### EXERCISE AIM
I'd like the entries repeated exactly, without their pictures.

### INFORMATION SUPPLIED
::::::::

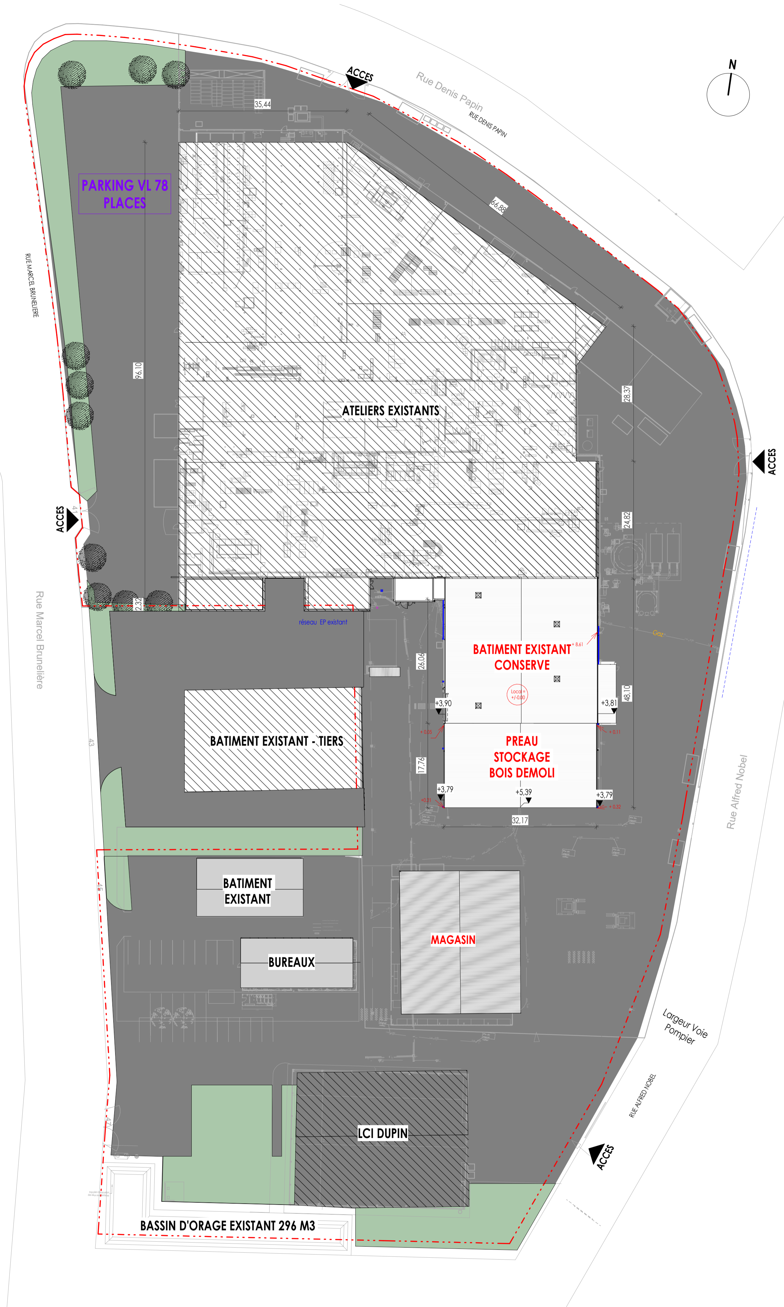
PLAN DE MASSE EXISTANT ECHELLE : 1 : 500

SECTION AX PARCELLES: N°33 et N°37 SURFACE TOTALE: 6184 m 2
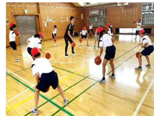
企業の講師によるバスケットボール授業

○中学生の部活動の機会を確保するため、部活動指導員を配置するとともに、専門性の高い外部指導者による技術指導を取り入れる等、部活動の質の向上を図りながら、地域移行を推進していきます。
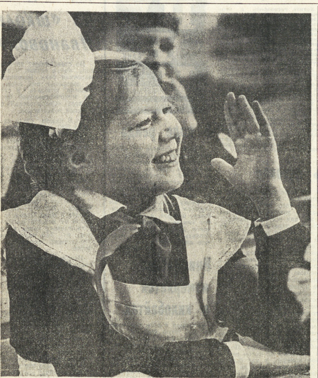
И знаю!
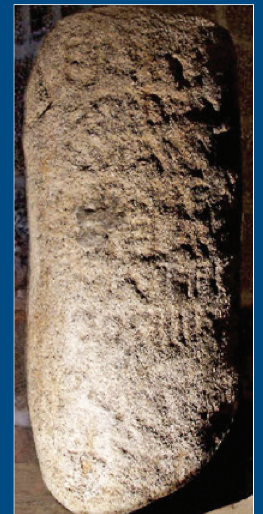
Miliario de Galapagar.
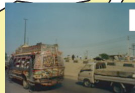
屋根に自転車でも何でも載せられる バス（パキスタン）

::::::::

### SOLUTION BELOW
PLAN DE MASSE EXISTANT ECHELLE : 1 : 500

SECTION AX PARCELLES: N°33 et N°37 SURFACE TOTALE: 6184 m 2
企業の講師によるバスケットボール授業

○中学生の部活動の機会を確保するため、部活動指導員を配置するとともに、専門性の高い外部指導者による技術指導を取り入れる等、部活動の質の向上を図りながら、地域移行を推進していきます。
И знаю!
Miliario de Galapagar.
屋根に自転車でも何でも載せられる バス（パキスタン）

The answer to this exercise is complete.